In the records below, find the lines that include "pavilon" and copy each.

GIVEN RECORDS

◇ ◇ ◇ ◇ ◇

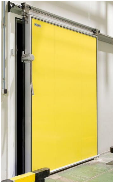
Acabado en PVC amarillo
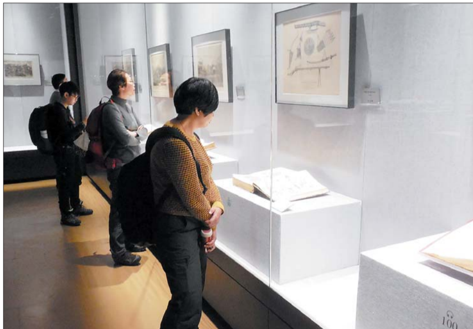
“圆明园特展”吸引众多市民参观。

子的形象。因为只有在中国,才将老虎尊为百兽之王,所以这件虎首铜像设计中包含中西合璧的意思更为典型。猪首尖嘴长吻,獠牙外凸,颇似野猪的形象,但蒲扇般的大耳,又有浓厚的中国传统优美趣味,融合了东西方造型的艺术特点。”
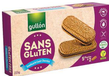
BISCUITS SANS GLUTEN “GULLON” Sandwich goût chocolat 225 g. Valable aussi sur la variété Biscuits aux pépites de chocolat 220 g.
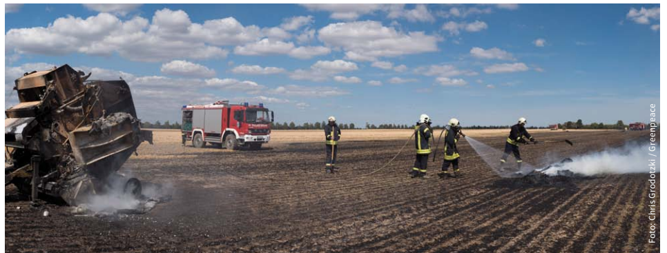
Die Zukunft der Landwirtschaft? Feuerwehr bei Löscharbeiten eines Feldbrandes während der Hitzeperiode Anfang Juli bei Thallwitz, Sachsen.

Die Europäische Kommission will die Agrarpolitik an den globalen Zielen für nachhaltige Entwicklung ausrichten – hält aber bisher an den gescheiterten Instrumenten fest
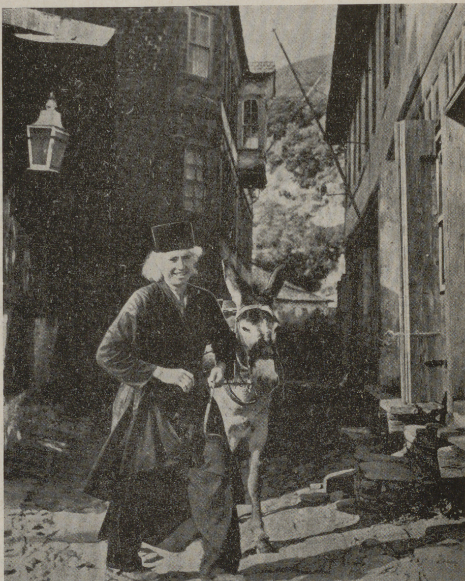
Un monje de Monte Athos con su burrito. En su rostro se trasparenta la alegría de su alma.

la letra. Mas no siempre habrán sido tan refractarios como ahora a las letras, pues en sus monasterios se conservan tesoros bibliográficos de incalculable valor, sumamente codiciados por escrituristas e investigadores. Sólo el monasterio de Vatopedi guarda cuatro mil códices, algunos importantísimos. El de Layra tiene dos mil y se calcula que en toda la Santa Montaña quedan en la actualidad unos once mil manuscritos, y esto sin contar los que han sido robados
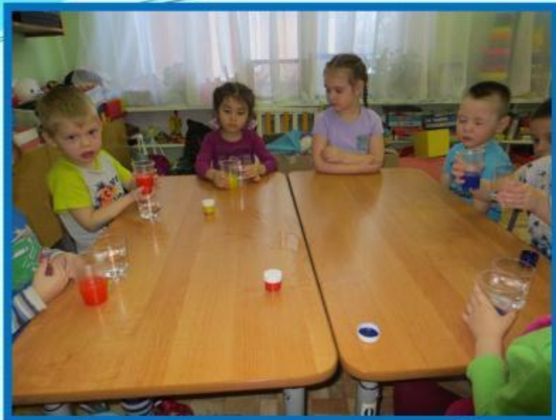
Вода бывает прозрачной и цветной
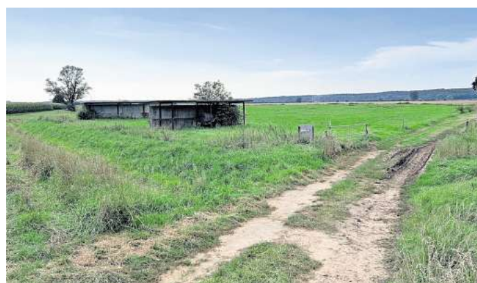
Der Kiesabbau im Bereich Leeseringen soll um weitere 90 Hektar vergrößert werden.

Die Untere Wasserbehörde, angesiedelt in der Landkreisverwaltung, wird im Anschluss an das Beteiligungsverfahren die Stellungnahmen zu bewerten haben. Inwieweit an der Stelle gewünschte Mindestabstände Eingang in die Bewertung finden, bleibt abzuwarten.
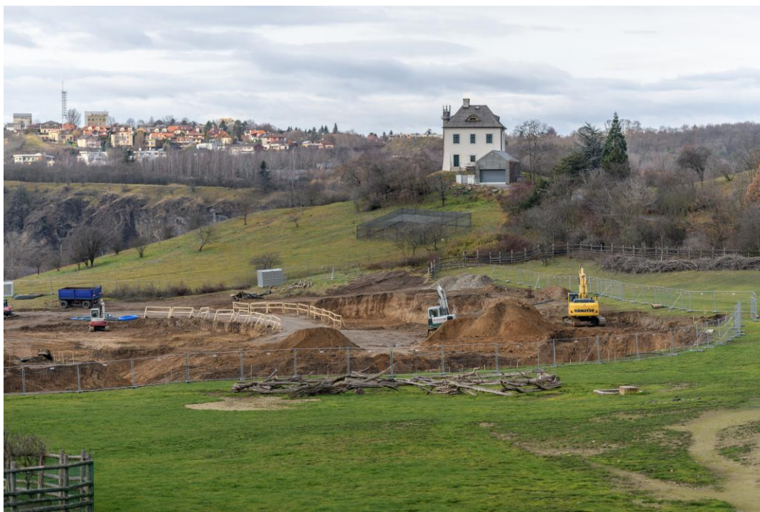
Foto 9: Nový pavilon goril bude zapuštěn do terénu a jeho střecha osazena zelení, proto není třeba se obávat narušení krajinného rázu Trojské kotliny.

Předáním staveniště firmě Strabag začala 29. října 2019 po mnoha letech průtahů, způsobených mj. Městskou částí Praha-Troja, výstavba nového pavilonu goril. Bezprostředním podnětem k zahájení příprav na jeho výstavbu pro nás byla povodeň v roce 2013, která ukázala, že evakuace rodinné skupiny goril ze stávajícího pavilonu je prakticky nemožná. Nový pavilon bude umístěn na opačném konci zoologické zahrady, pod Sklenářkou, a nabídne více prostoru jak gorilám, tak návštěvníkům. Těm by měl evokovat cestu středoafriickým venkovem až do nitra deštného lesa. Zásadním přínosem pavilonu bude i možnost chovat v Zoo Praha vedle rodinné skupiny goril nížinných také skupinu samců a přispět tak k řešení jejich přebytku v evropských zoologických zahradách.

◇ ◇ ◇ ◇ ◇

RESPONSE BELOW
Foto 9: Nový pavilon goril bude zapuštěn do terénu a jeho střecha osazena zelení, proto není třeba se obávat narušení krajinného rázu Trojské kotliny.
Předáním staveniště firmě Strabag začala 29. října 2019 po mnoha letech průtahů, způsobených mj. Městskou částí Praha-Troja, výstavba nového pavilonu goril. Bezprostředním podnětem k zahájení příprav na jeho výstavbu pro nás byla povodeň v roce 2013, která ukázala, že evakuace rodinné skupiny goril ze stávajícího pavilonu je prakticky nemožná. Nový pavilon bude umístěn na opačném konci zoologické zahrady, pod Sklenářkou, a nabídne více prostoru jak gorilám, tak návštěvníkům. Těm by měl evokovat cestu středoafriickým venkovem až do nitra deštného lesa. Zásadním přínosem pavilonu bude i možnost chovat v Zoo Praha vedle rodinné skupiny goril nížinných také skupinu samců a přispět tak k řešení jejich přebytku v evropských zoologických zahradách.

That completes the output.